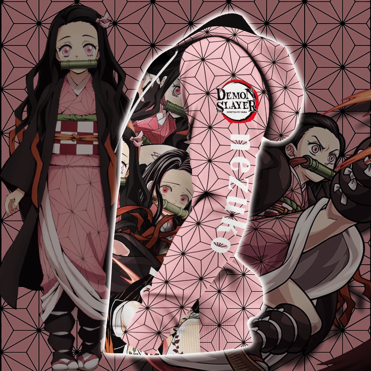Demon Slayer Hoodie Nezuko Kamado Pink Pattern Kimetsu No Yaiba Logo Zip Hoodie Adult Full Print
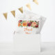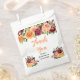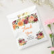 Este lindo e elegante saco de lembrança de chá de noiva apresenta flores vermelhas borgonha e laranja em aquarela com folhagens. O texto combina fontes manuscritas e serifadas para um visual moderno e sofisticado. É perfeito para um chá de noiva rústico de outono.
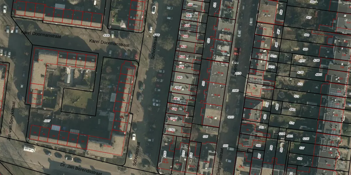 Het perceel waarop Schoolstraat 147 staat heeft een oppervlakte van 93 m². Dit is een klein perceel. De perceeloppervlakte wordt geregistreerd door het Kadaster. Gedetailleerde informatie over de maten van dit perceel kunt u vinden in het rapport Kadastrale kaart met maatvoering van Schoolstraat 147.
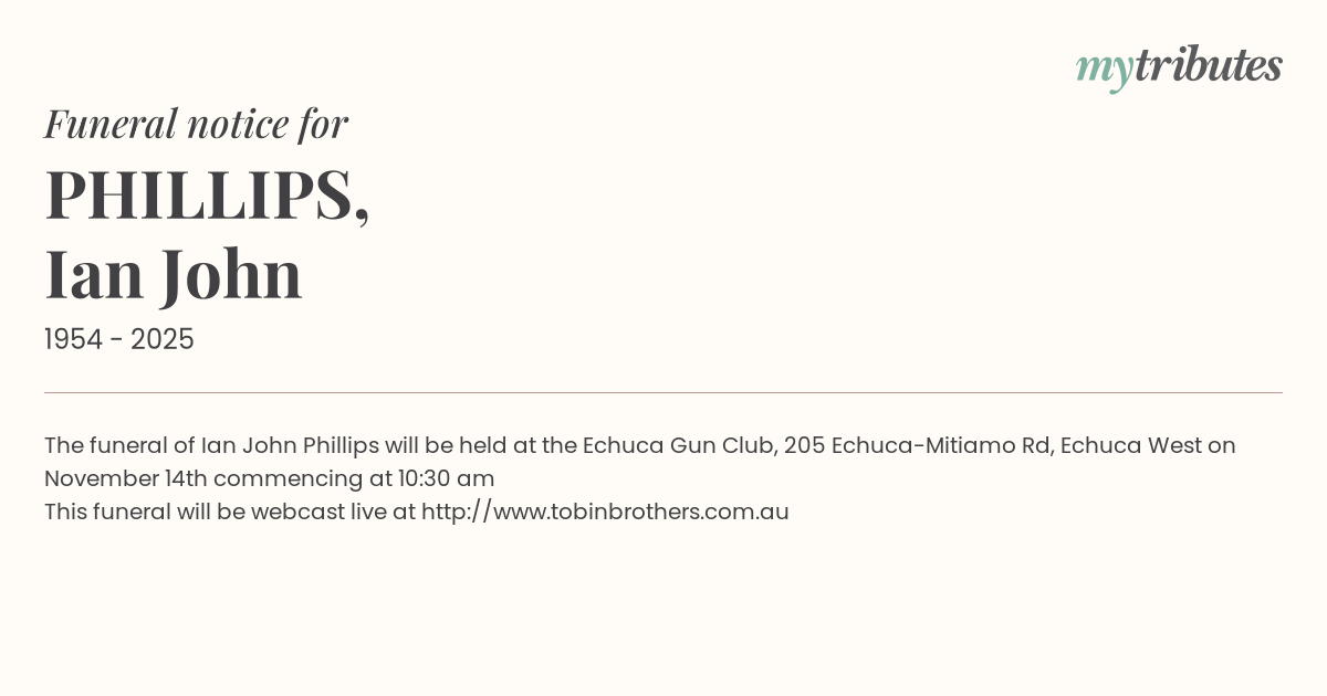 The funeral of Ian John Phillips will be held at the Echuca Gun Club, 205 Echuca-Mitiamo Rd, Echuca West on November 14th commencing at 10:30 am
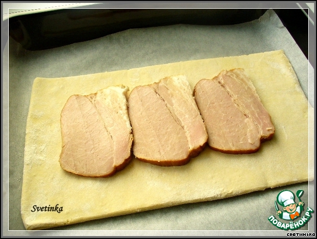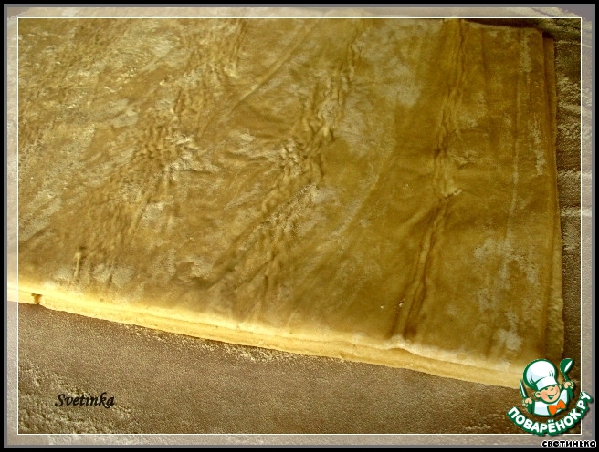 Переходим к самому интересному. У меня было 2 пакета готового слоеного теста по 500 г. Листы теста длинные и узкие. Исходя из соображений, что начинки много и вес ее зашкаливает, нижний слой я сделала следующим образом. Сложила пласт пополам и немного раскатала его по длине, чуть превышающей размеры куска мяса.
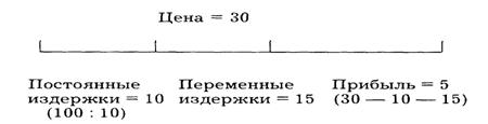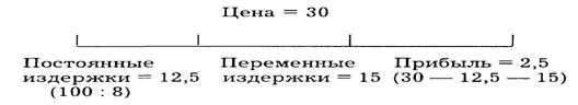 Возьмем пример. Ваши валовые (суммарные) постоянные издержки составляют 100 денежных единиц. Вы производите 10 товарных единиц. Переменные издержки (их норматив) —15 денежных единиц в расчете на одну товарную единицу. В таком случае при цене реализации 30 денежных единиц за товарную единицу структура цены будет следующей (рис. 7.13):
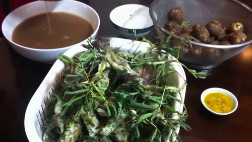 Chuẩn bị nguyên liệu cho món canh cua khoai sọ rau rút
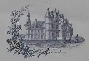Stéphen Liégeard built the Château de Brochon in an estate near Brochon, Côte-d'Or that was partly acquired at the start of the 19th century by his grandfather, Étienne Liégeard. Étienne's son Jean-Baptiste completed the purchase in 1843, and Jean-Baptiste's son Stephen Liégeard bought the old castle that belonged to the estate from the family of the engineer Henry Darcy.[3] Stéphen Liégeard had the château built as a monument to his wealth and good taste. Construction started in 1895 directed by the architects Louis Perreau and Leprince, a pupil of Eugène Viollet-le-Duc. The artists Xavier Schanosky, Achille Cesbron and Paul Gasq decorated the château.[3]

***

From the first line to the last, reproduce the listing above exactly, leaving the pictures out.

* [Result for this exercise]:
Demon Slayer Hoodie Nezuko Kamado Pink Pattern Kimetsu No Yaiba Logo Zip Hoodie Adult Full Print
 Este lindo e elegante saco de lembrança de chá de noiva apresenta flores vermelhas borgonha e laranja em aquarela com folhagens. O texto combina fontes manuscritas e serifadas para um visual moderno e sofisticado. É perfeito para um chá de noiva rústico de outono.
 Het perceel waarop Schoolstraat 147 staat heeft een oppervlakte van 93 m². Dit is een klein perceel. De perceeloppervlakte wordt geregistreerd door het Kadaster. Gedetailleerde informatie over de maten van dit perceel kunt u vinden in het rapport Kadastrale kaart met maatvoering van Schoolstraat 147.
 The funeral of Ian John Phillips will be held at the Echuca Gun Club, 205 Echuca-Mitiamo Rd, Echuca West on November 14th commencing at 10:30 am
 Переходим к самому интересному. У меня было 2 пакета готового слоеного теста по 500 г. Листы теста длинные и узкие. Исходя из соображений, что начинки много и вес ее зашкаливает, нижний слой я сделала следующим образом. Сложила пласт пополам и немного раскатала его по длине, чуть превышающей размеры куска мяса.
 Возьмем пример. Ваши валовые (суммарные) постоянные издержки составляют 100 денежных единиц. Вы производите 10 товарных единиц. Переменные издержки (их норматив) —15 денежных единиц в расчете на одну товарную единицу. В таком случае при цене реализации 30 денежных единиц за товарную единицу структура цены будет следующей (рис. 7.13):
 Chuẩn bị nguyên liệu cho món canh cua khoai sọ rau rút
Stéphen Liégeard built the Château de Brochon in an estate near Brochon, Côte-d'Or that was partly acquired at the start of the 19th century by his grandfather, Étienne Liégeard. Étienne's son Jean-Baptiste completed the purchase in 1843, and Jean-Baptiste's son Stephen Liégeard bought the old castle that belonged to the estate from the family of the engineer Henry Darcy.[3] Stéphen Liégeard had the château built as a monument to his wealth and good taste. Construction started in 1895 directed by the architects Louis Perreau and Leprince, a pupil of Eugène Viollet-le-Duc. The artists Xavier Schanosky, Achille Cesbron and Paul Gasq decorated the château.[3]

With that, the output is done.